• TASK STATEMENT
Print, exactly as they stand, the lines below from the one that has "Xrugs Black Kitchen" to the one that has "Die Oszillogramme zeigen", inclusive, leaving out the pictures.

• DATA UNDER STUDY
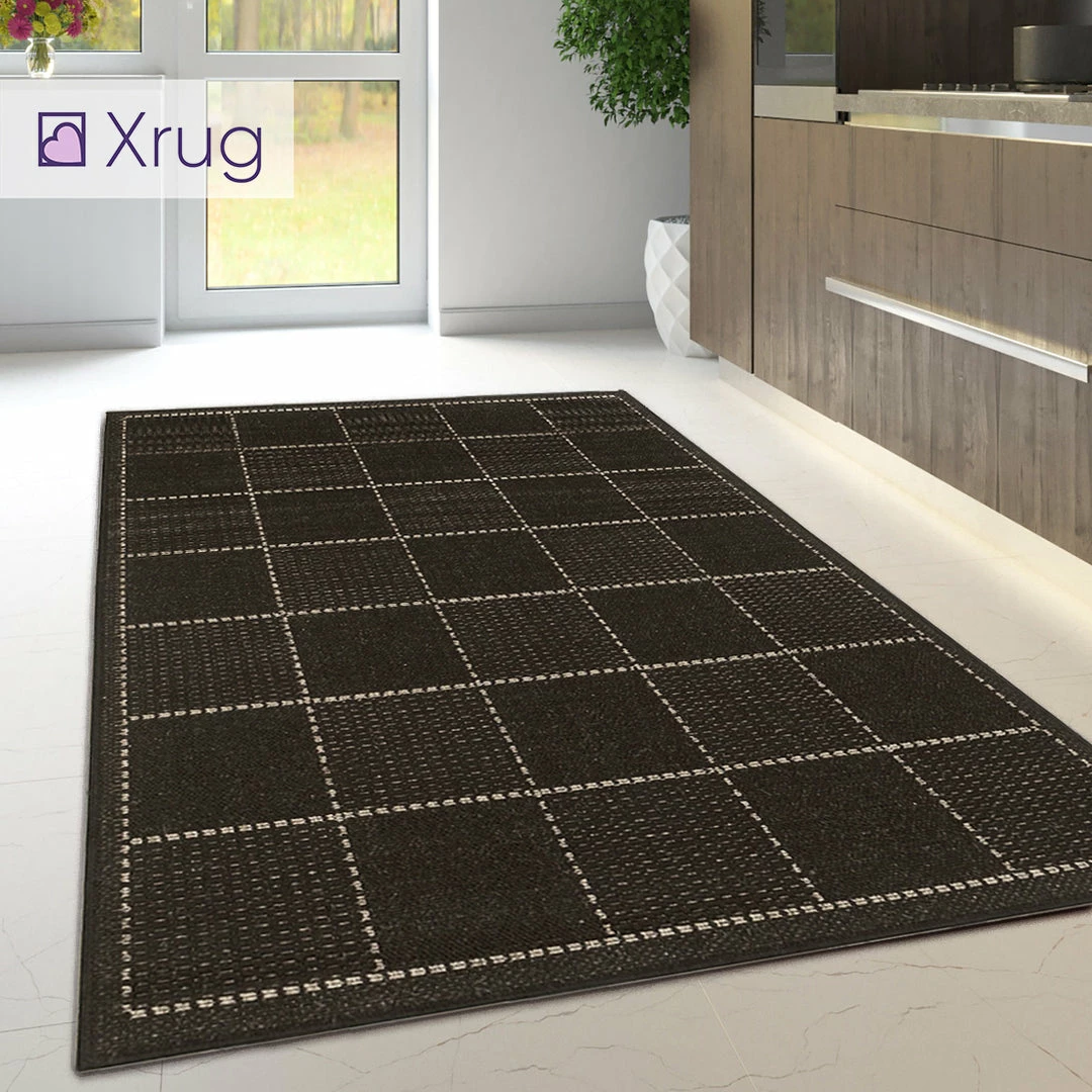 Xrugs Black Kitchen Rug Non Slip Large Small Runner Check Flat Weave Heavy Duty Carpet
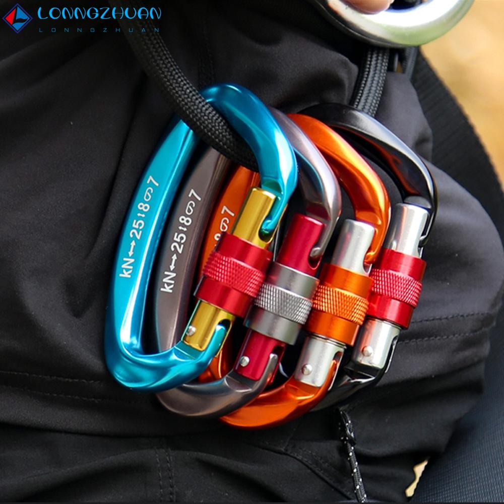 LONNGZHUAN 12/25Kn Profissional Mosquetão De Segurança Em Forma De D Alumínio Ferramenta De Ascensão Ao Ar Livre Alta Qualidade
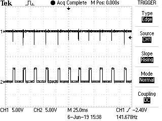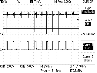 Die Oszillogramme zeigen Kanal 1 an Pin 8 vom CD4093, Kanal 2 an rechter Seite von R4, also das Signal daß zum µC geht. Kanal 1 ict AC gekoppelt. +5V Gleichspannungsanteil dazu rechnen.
* * *
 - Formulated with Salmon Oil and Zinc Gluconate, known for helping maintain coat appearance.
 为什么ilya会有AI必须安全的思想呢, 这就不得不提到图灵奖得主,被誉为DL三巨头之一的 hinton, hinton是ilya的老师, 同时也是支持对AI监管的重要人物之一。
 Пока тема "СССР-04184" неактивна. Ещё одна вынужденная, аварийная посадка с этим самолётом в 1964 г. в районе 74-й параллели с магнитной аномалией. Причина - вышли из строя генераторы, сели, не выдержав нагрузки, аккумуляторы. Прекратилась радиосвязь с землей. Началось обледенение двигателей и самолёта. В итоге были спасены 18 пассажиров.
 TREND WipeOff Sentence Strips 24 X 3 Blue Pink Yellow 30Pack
---
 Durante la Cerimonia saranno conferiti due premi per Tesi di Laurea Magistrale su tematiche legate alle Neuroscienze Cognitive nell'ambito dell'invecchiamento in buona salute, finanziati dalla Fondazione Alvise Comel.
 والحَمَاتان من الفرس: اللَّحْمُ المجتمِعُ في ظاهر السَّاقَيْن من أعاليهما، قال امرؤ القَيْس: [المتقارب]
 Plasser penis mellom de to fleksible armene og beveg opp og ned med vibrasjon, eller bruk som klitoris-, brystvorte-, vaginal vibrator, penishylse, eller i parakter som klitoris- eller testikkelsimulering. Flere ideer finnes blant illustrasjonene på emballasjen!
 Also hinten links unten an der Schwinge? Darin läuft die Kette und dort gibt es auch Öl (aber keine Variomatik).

• EXERCISE SOLUTION
 Xrugs Black Kitchen Rug Non Slip Large Small Runner Check Flat Weave Heavy Duty Carpet
 LONNGZHUAN 12/25Kn Profissional Mosquetão De Segurança Em Forma De D Alumínio Ferramenta De Ascensão Ao Ar Livre Alta Qualidade
 Die Oszillogramme zeigen Kanal 1 an Pin 8 vom CD4093, Kanal 2 an rechter Seite von R4, also das Signal daß zum µC geht. Kanal 1 ict AC gekoppelt. +5V Gleichspannungsanteil dazu rechnen.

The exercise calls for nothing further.